== Work required ==
Beginning with the first entry, restate the data word for word and leave out the images.

*** Opening Provided data ***

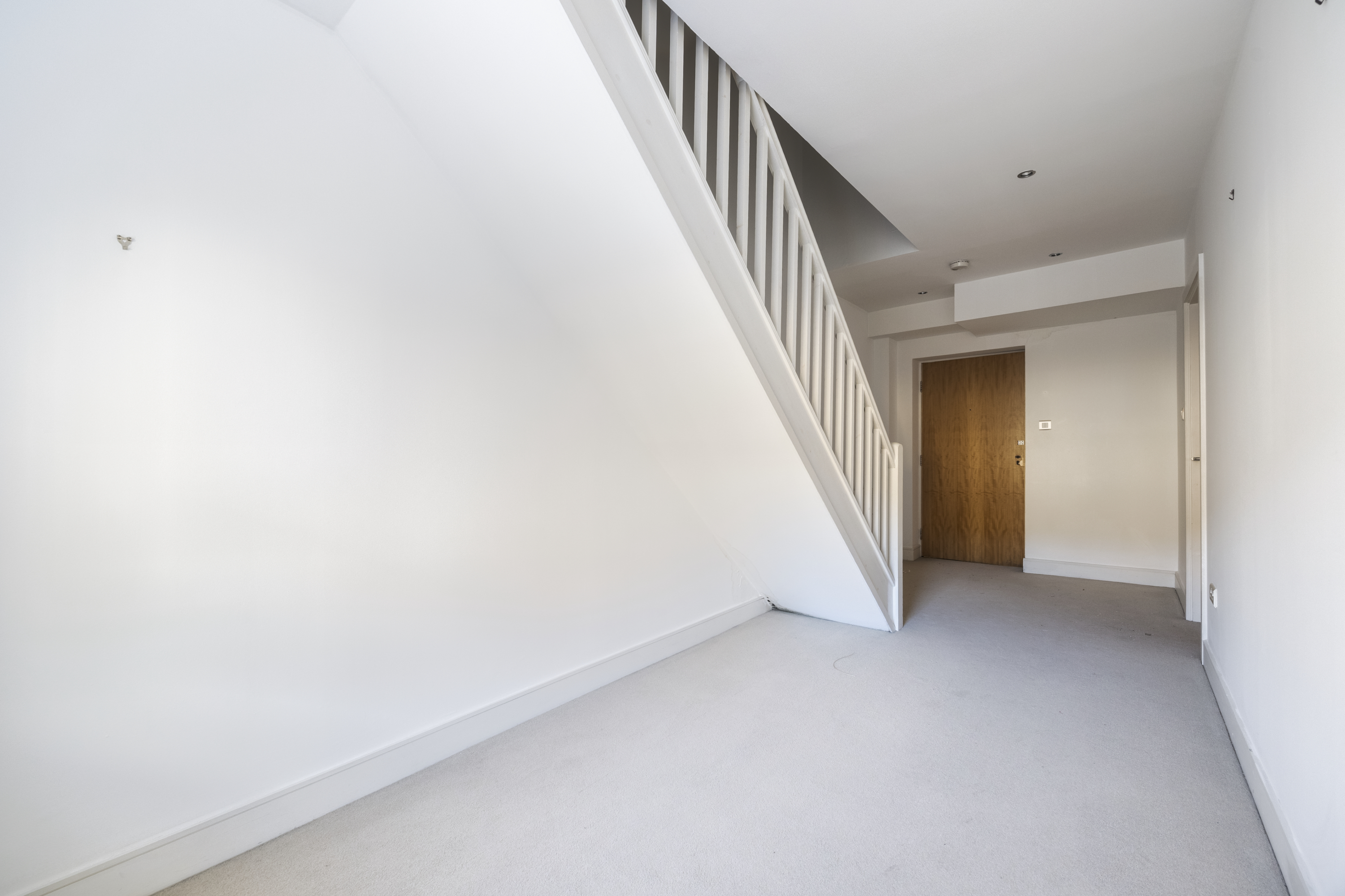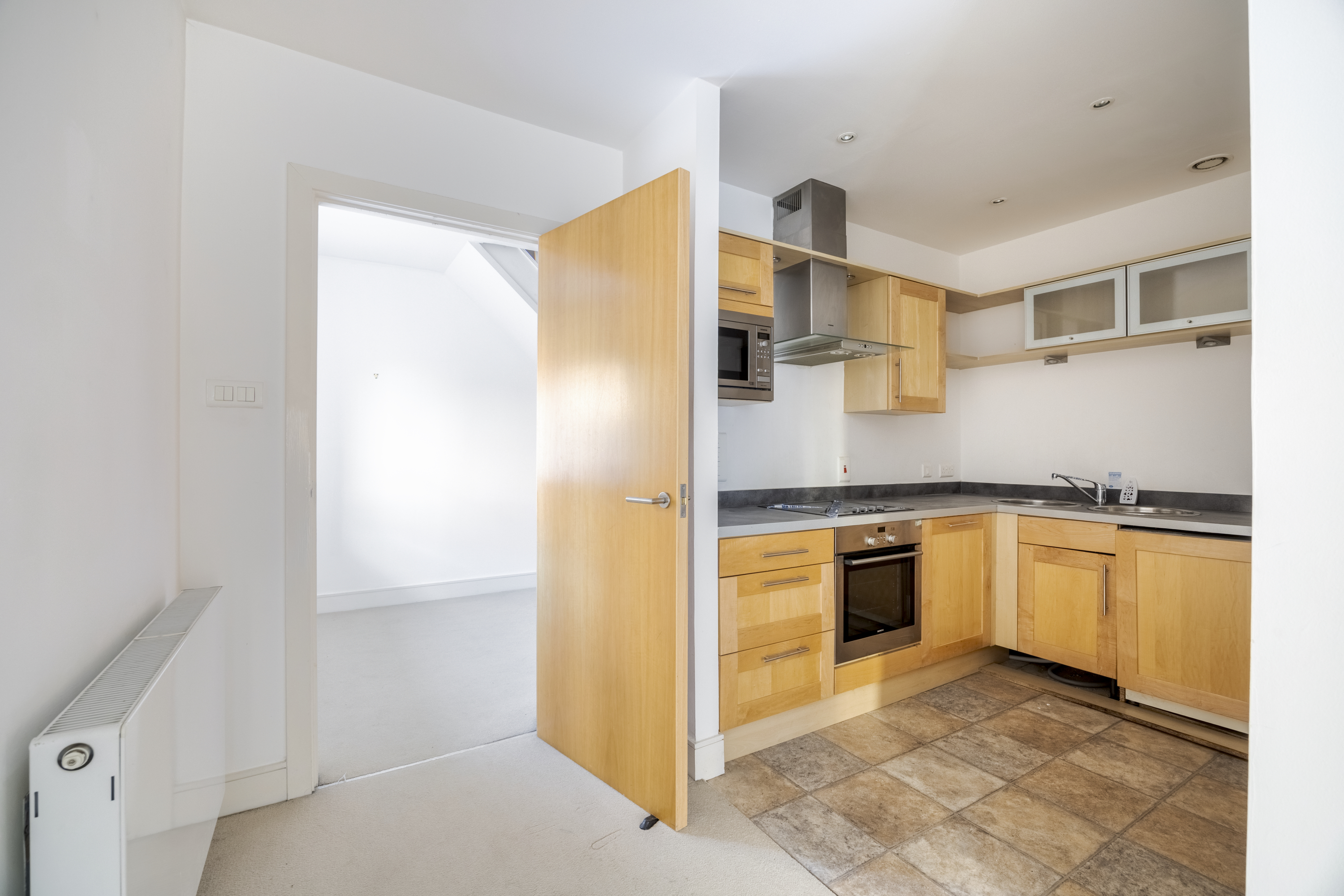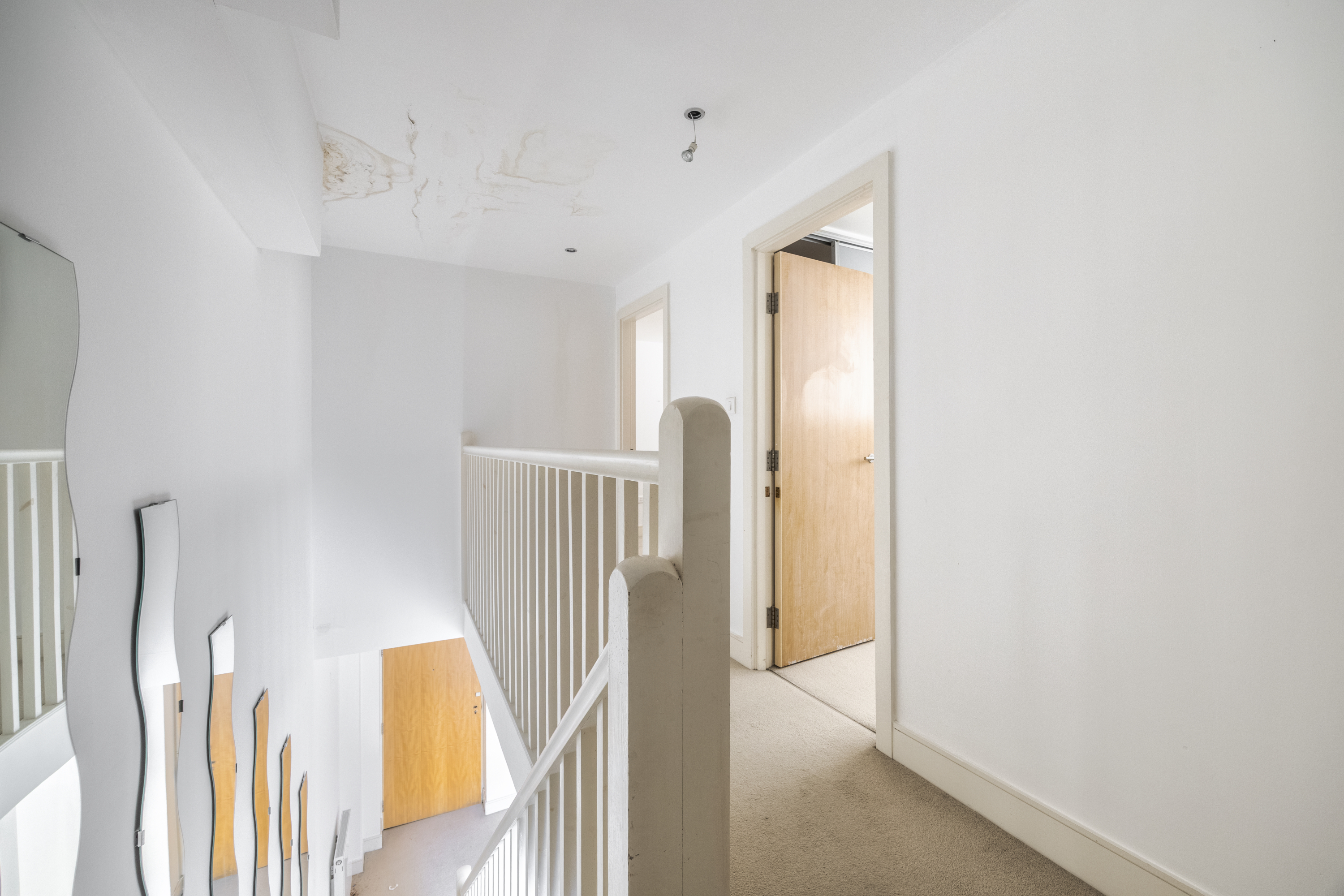 At the front of the property, the fitted kitchen offers ample countertop space along with room for additional appliances. Upstairs, the continuous carpeting provides access to bedrooms one and two, each featuring built-in cupboards ideal for storage.
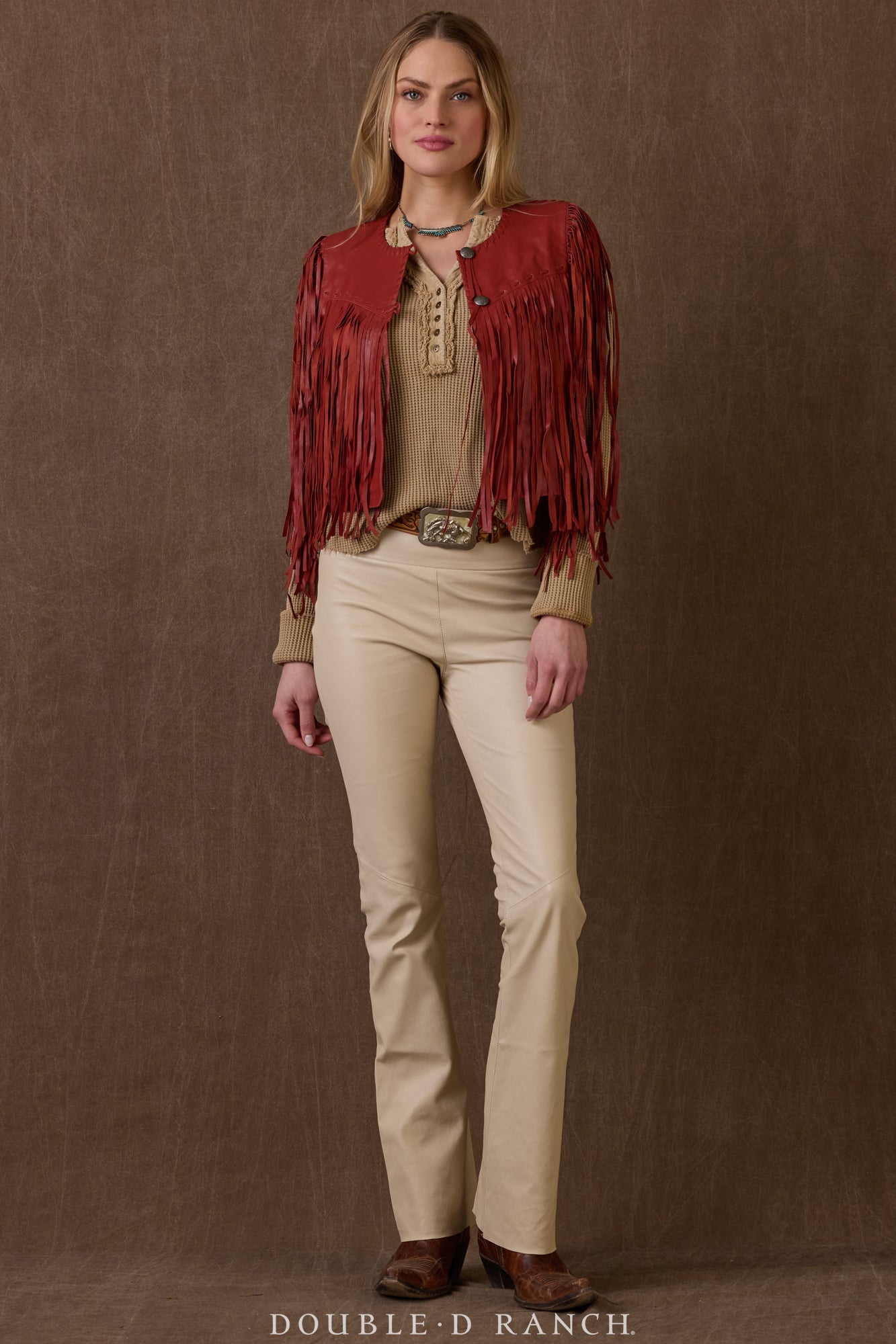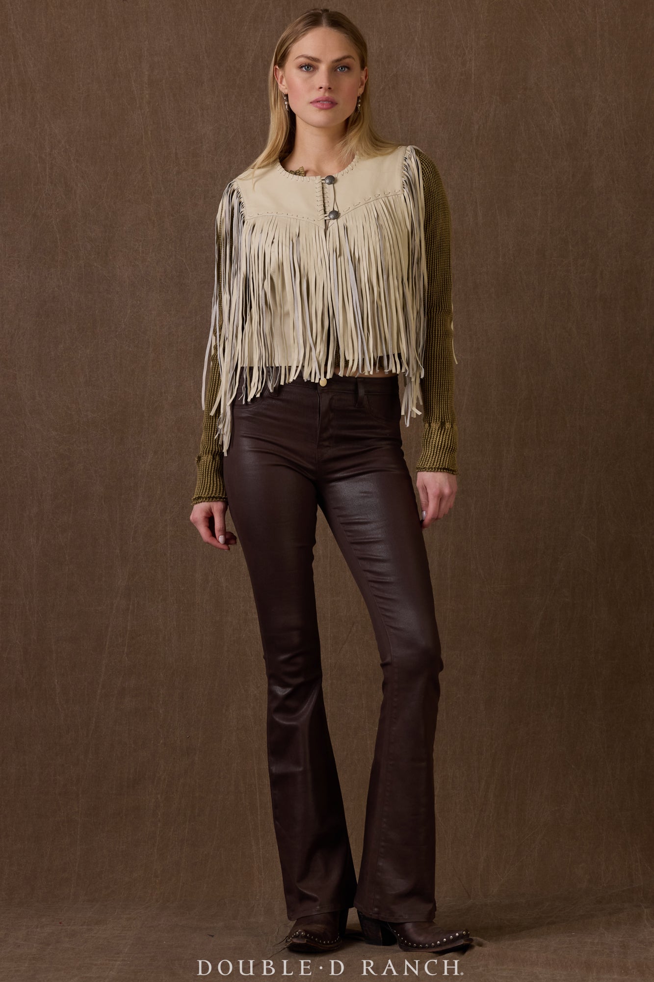 This sheepskin statement-maker has proven it has staying power, over and over again. The straight-line silhouette features double concho buttons at the neck and tonal leather lacing details, but it’s the bold hues and full-length fringe that are going to have you turning heads and dropping jaws! WARNING: The colors just keep getting better and better, you may develop a Sonora hoarding habit!
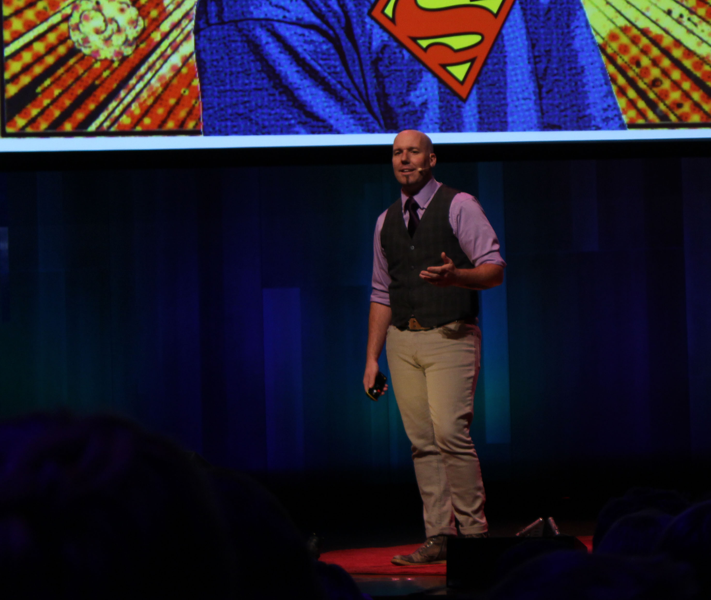 At the end of the first session, Matthew LaPlante opened his talk up to the audience by allowing them to send their live tweets to a screen on stage. This helped emphasize the premise that citizen journalism is overtaking the field of professional journalism. LaPlante compared professional journalists to superheroes such as Superman and Spiderman. He said that it is important that these “heroes” do not fear their own death, but rather train the everyday citizen so that the news can continue to live.
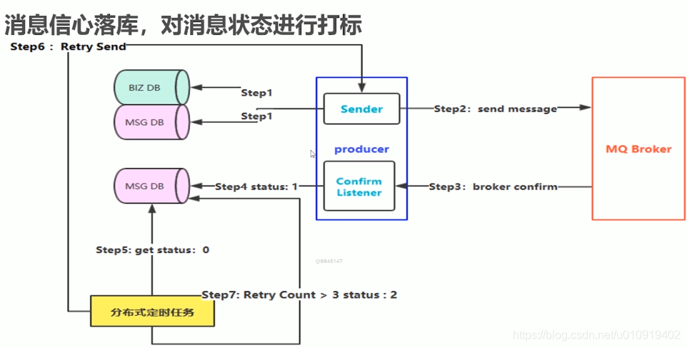 假设step2通过,在step3回送响应时,网络突然出现了闪断,导致生产端的Listener收不到这条消息的confirm应答,消息的状态始终为0 - step5:分布式定时任务抓取状态为0的消息
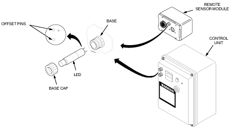 Align the offset pins of the new LED with the holes in the base on the Remote Sensor Module or Control Unit.
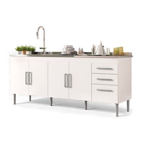 Este gabinete é produzido especialmente para pias de 2,0m, possui 3 gavetas com corrediças metalicas para melhor armazenar os itens de cozinha e conta com uma prateleira profunda completa no seu interior. Possui puxadores modernos e 6 pés para evitar empenamento da base, o gabinete é totalmente fabricado em Mdp de 12mm, aumentando a durabilidade, resistencia e qualidade do produto. O gabinete Nao acompanha o tampo da imagem. Além desses detalhes possui uma facil montagem.
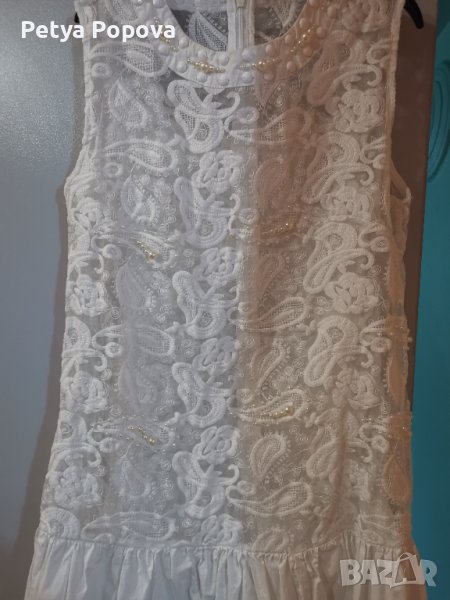 Бяла рокля нашита с перли и дантела → Обява 41189193
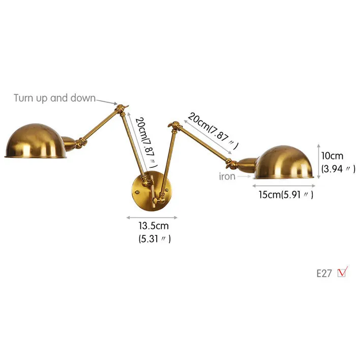 Art Deconew Бронзовый Ретро настенный светильник с железной рукояткой двойной проходной гостиной Золотой лампе industrielle винтажный настенный светильник
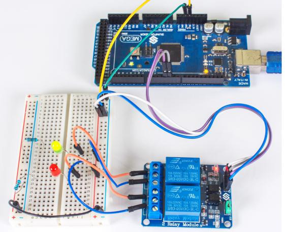 1단계: 2 채널 릴레이의 신호 단자 IN1, IN2를 SunFounder Arduino ATMega2560 보드의 디지털 포트 4, 5에 연결하고 출력 단자에 LED를 연결합니다.
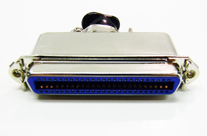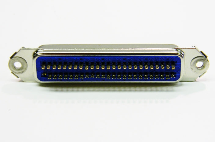 Datcom Realm Centronics 50 female solder connector with 180 degree metal cover. Comes with a strain relief and mounting screw. Ideal for 28 gauge ribbon cable.
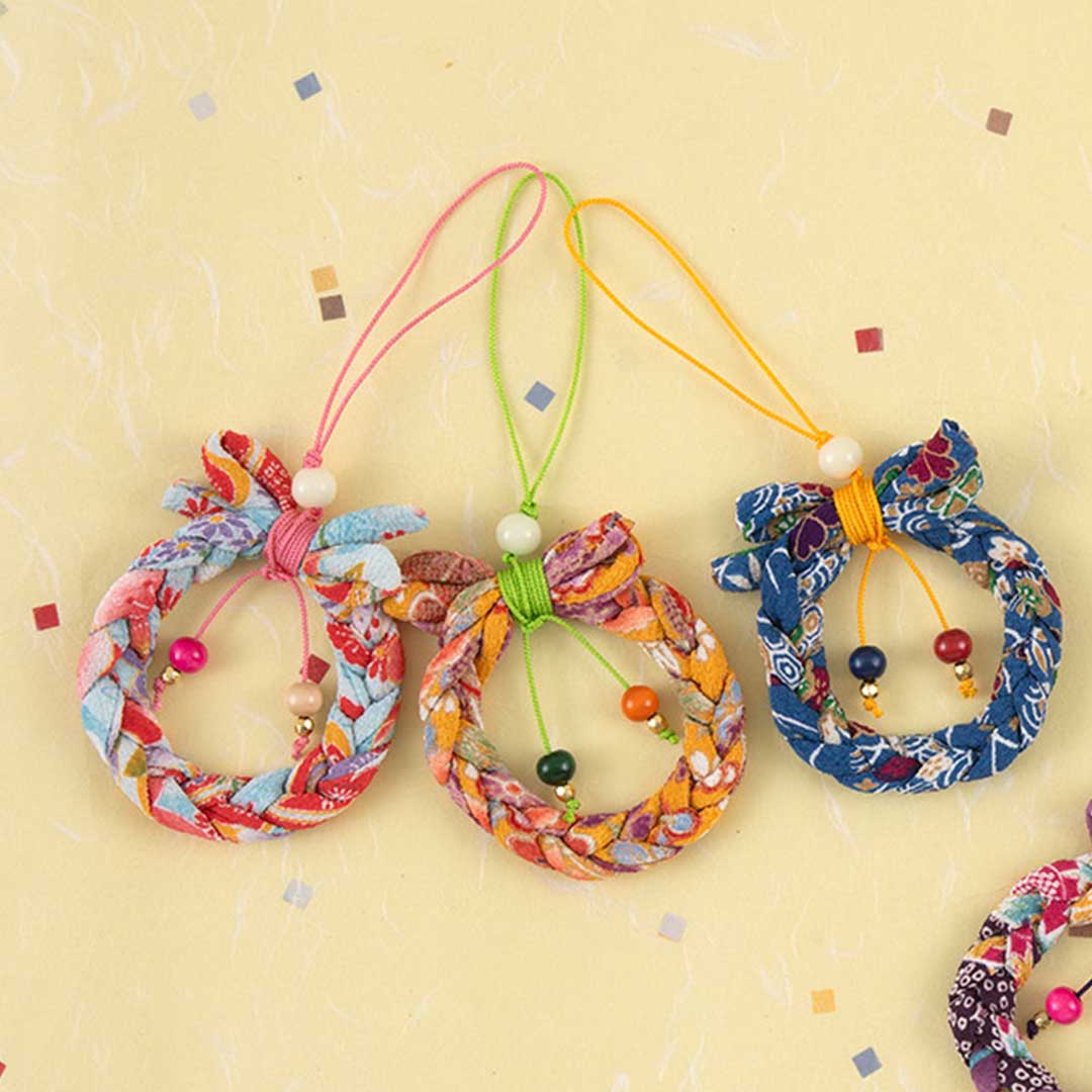 【キット作り方つき】ちりめんひもを三つ編みして京ひもで結ぶだけ。簡単に作れるストラップ3色セットを2種ご用 意しました。暗い場所で光る蓄光ビーズもひもに通します。お友だちへのお年賀にも。

*** Closing Provided data ***

== Output of the exercise ==
 At the front of the property, the fitted kitchen offers ample countertop space along with room for additional appliances. Upstairs, the continuous carpeting provides access to bedrooms one and two, each featuring built-in cupboards ideal for storage.
 This sheepskin statement-maker has proven it has staying power, over and over again. The straight-line silhouette features double concho buttons at the neck and tonal leather lacing details, but it’s the bold hues and full-length fringe that are going to have you turning heads and dropping jaws! WARNING: The colors just keep getting better and better, you may develop a Sonora hoarding habit!
 At the end of the first session, Matthew LaPlante opened his talk up to the audience by allowing them to send their live tweets to a screen on stage. This helped emphasize the premise that citizen journalism is overtaking the field of professional journalism. LaPlante compared professional journalists to superheroes such as Superman and Spiderman. He said that it is important that these “heroes” do not fear their own death, but rather train the everyday citizen so that the news can continue to live.
 假设step2通过,在step3回送响应时,网络突然出现了闪断,导致生产端的Listener收不到这条消息的confirm应答,消息的状态始终为0 - step5:分布式定时任务抓取状态为0的消息
 Align the offset pins of the new LED with the holes in the base on the Remote Sensor Module or Control Unit.
 Este gabinete é produzido especialmente para pias de 2,0m, possui 3 gavetas com corrediças metalicas para melhor armazenar os itens de cozinha e conta com uma prateleira profunda completa no seu interior. Possui puxadores modernos e 6 pés para evitar empenamento da base, o gabinete é totalmente fabricado em Mdp de 12mm, aumentando a durabilidade, resistencia e qualidade do produto. O gabinete Nao acompanha o tampo da imagem. Além desses detalhes possui uma facil montagem.
 Бяла рокля нашита с перли и дантела → Обява 41189193
 Art Deconew Бронзовый Ретро настенный светильник с железной рукояткой двойной проходной гостиной Золотой лампе industrielle винтажный настенный светильник
 1단계: 2 채널 릴레이의 신호 단자 IN1, IN2를 SunFounder Arduino ATMega2560 보드의 디지털 포트 4, 5에 연결하고 출력 단자에 LED를 연결합니다.
 Datcom Realm Centronics 50 female solder connector with 180 degree metal cover. Comes with a strain relief and mounting screw. Ideal for 28 gauge ribbon cable.
 【キット作り方つき】ちりめんひもを三つ編みして京ひもで結ぶだけ。簡単に作れるストラップ3色セットを2種ご用 意しました。暗い場所で光る蓄光ビーズもひもに通します。お友だちへのお年賀にも。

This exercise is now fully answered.